Substantial organizational decisions are based on experience. When faced with new situations, companies are guided by memories of similar situations they have experienced in the past. Using this as basis, I make use of a set of mining techniques.
I try to identify situations similar to each other by calculating similarity of consumer responses between different campaigns.
The TF measure can be used to determine similarity of results (consumer thought process as represented by the comments under the respective tags) between two blog posts, which can be considered as individual campaigns.
If we compare the Tag Frequency vectors across individual campaigns (posts) by using a similarity measure, we can evaluate the number of comments (representing volume of customers) in a particular tag category. Hence, by comparing volumes of consumers depicting certain kinds of sentiments across various campaigns, prediction of consumer behavior can be done. By using the tag frequency vectors of two campaigns, similarity methods can be used to normalize the no. of comments in a post.Determining similarity between the responses to two campaigns can help organizations predict consumer responses and improve targeting of future campaigns. If consumer responses to my current campaign resemble consumer responses to a campaign organized an year back, i sure have some interesting information to fall back on and plan my strategies accordingly.
Data Redirection to respective CRM functionalities
All comments tagged under the tag cluster visible under the folksonomies of liking and satisfaction can be diverted for sentiment mining to aid consumer segmentation. All comments under the tag cluster representing the folksonomy of Involvement I and II are routed to the ‘Customer Service and Support’ functionality. All comments under the tag representing the folksonomy of Involvement III are directed to the ‘Marketing Communication ‘function and all comments under the tags clustered under Involvement IV are sent to the ‘Product development’ function.
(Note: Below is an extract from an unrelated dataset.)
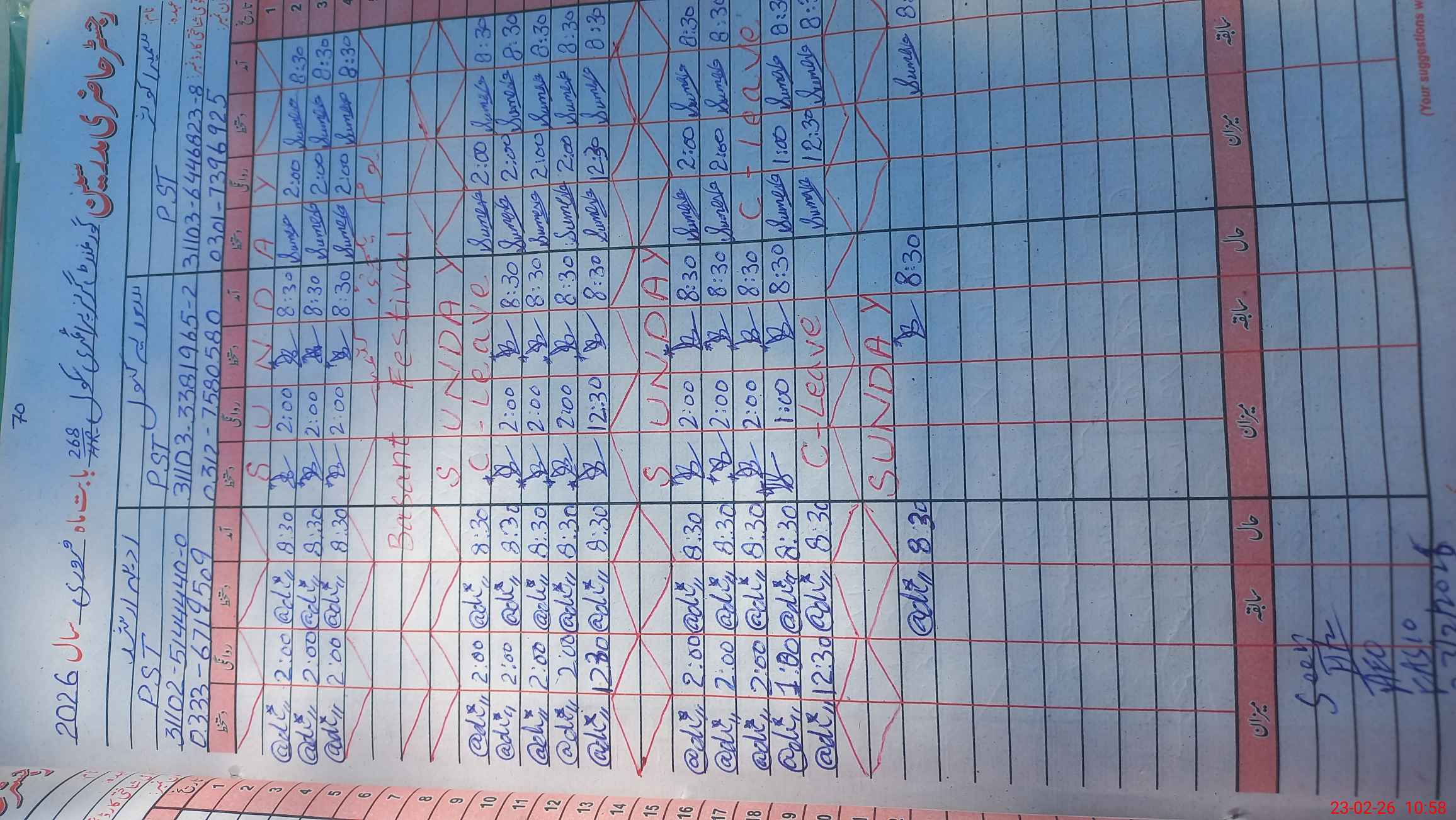 | CNIC | Full Name | Designation | R/C | Absence During Last Calender Month |

Corporates can invest in creating more organization friendly retrieval measures like developing interfaces for respective campaigns for retrieval of individual comments viz. comments with sales leads, product suggestion etc.
Consumers can be clustered on the basis of sentiment scores. (Calculation of Sentiment scores has been discussed in the earlier post on Sentiment mining). To demonstrate an example, the sentiment scores of a set of consumers from a blog post of an airline company, were subjected to cluster analysis, whereby using the nearest neighbor technique, consumer clusters can be formed. The resulting dendrogram brought out clusters of consumers.
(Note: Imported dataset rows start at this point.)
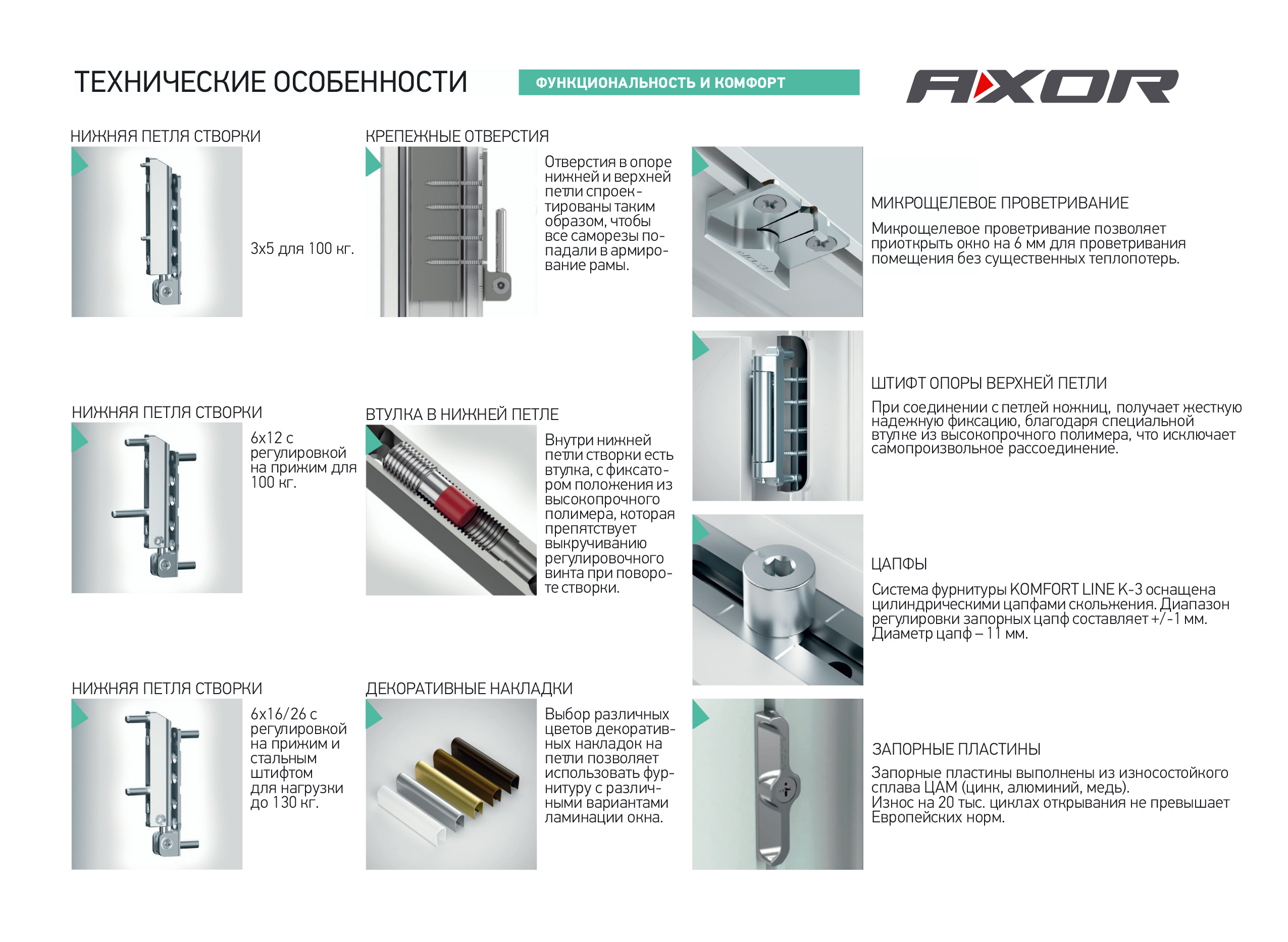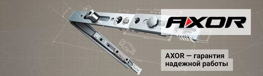Фурнитура AXOR — качественная и надежная продукция среднего ценового сегмента. Ее легко устанавливать и удобно эксплуатировать. Производитель уделил внимание безопасности и эстетичности оконных деталей. Продукция предоставляется с гарантией 10 лет.
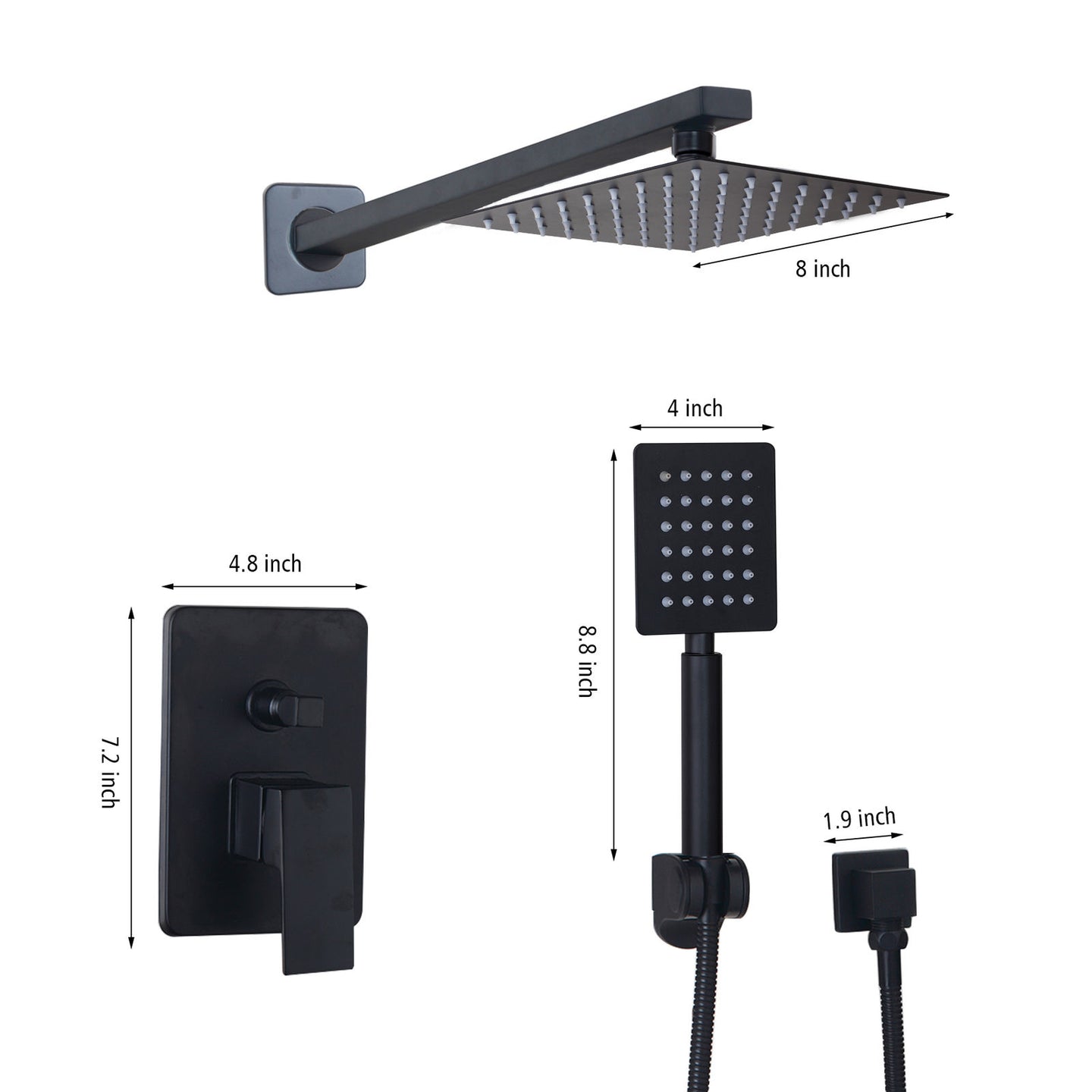 The specifications of the matt black built-in shower set: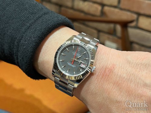 H様 この度はクォーク名古屋店をご利用頂き、誠にありがとう御座います。数ある時計店の中からお悩み頂いた中で当社にてご決断頂き、大変嬉しく思います。昔に悩まれたモデルという事もあり、想い入れのあるロレックスになりますね。生産終了モデルのターノグラフは、年々入荷自体少なくなっております。その中でもH様に気に入って頂けるコンディションをご案内でき、本当に良かったです。今後もご使用される中でご相談など御座いましたら、ご遠慮なく私までお申し付け下さいませ。今後とも末永いお付き合いの程、宜しくお願い致します。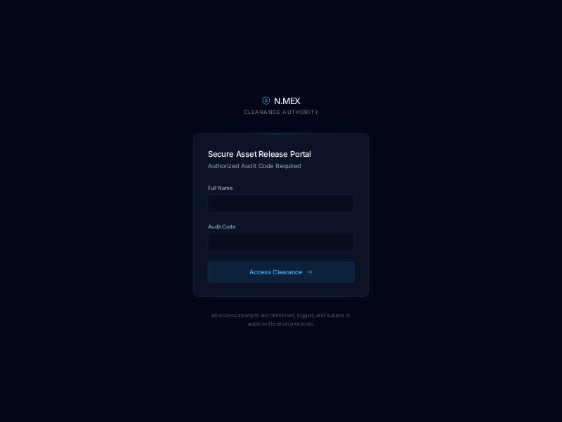 N.MEX Secure Clearance Portal Template delivers a polished, dark-mode interface for controlled asset release and internal verification.

While Aaron, Bill and Bob belong to one cluster, all other remaining members except Drew fell under one cluster. Drew formed the third cluster.
This can form the basis of consumer profiling as and when a new consumer enters the system. Consumer profiling can help in customer response prediction. The new customer joining a cluster is likely to respond to an offer in a particular way that is probably similar to the previous customers who have responded.
By allocating the consumer to the respective cluster, and hence identifying the next likely customer to behave in a particular way, behavioral traits and prospective consumer targeting strategies can be formulated for better success rates from the viewpoint of Marketing and CRM.